Real-Time qPCR was performed to validate the expression of significantly altered levels of mRNAs. Total RNA was isolated and purified using an miRNeasy Mini Kit (Qiagen, USA) following the manufacturer’s instructions. The extracted RNA was quantified by measuring the absorbance at 260 nm with a PuXin UV/visible spectrophotometer TU-1810). Total RNA (1 μg) was reverse transcribed in a 10 μl reaction containing oligo (dT) primers and M-MLV Reverse Transcriptase (TaKaRa, 2641 A). All real-time PCR analyses were performed using gene-specific primers and the LightCycler® 480 real-time PCR system (Roche) using SYBR Premix Ex TaqTM (TaKaRa, RR420A). The relative amounts of each mRNA were analyzed using the comparative CT method, as described by Schmittgen and Livak49. All data are expressed as the mean ± SE of n = 3 independent repeats. All statistical analyses were performed using a two-tailed, paired Student’s t-test, and P ≤ 0.01 was considered significant. Primer sequences were listed in Table. S1.

RNA sequencing analysis

Cells were treated with Fisetin or DMSO for 48 h. Then, total RNA was extracted from cells using TRIzol (Invitrogen). Library construction and sequencing were performed by Annoroad Gene Technology (Beijing, China). The libraries were sequenced on an Illumina HiSeq 2500 platform and 100-bp paired-end reads were generated. All primary data in RNA sequencing (RNA-seq) analysis have been uploaded to the Gene Expression Omnibus.

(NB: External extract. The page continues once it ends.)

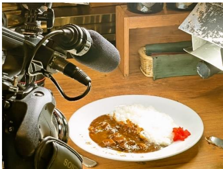
大きなカメラで撮影中

Gene ontology, Kyoto encyclopedia of genes and genomes, and gene set enrichment analyses

The RNA-Seq data were transformed into log2 scale, and Gene Ontology (GO, www.geneontology.org/) analysis, Kyoto Encyclopedia of Genes and Genomes (KEGG, www.genome.jp/kegg/) analysis, and Gene Set Enrichment Analysis (GSEA, http://gsea.org/), were performed to identify the functions and associated enriched pathways of differentially expressed mRNAs.

Ethics statement

The research protocol was reviewed and approved by the Research Ethics Committee of Sir Run Run Shaw Hospital, School of Medicine, Zhejiang University. Animal experiments were approved and performed in accordance with the institutional guidelines for animal care of animal ethics committee of Zhejiang University.

Statistical analysis of the data

The data were compiled with the software package SPSS 23.0(SPSS Inc.; Chicago, IL, USA) and GraphPad Prism 6 (San Diego, CA) software. Data were presented as mean ± standard deviation. The Student’s t-test was used to compare the means of groups and P-values ≤ 0.05 were considered significant.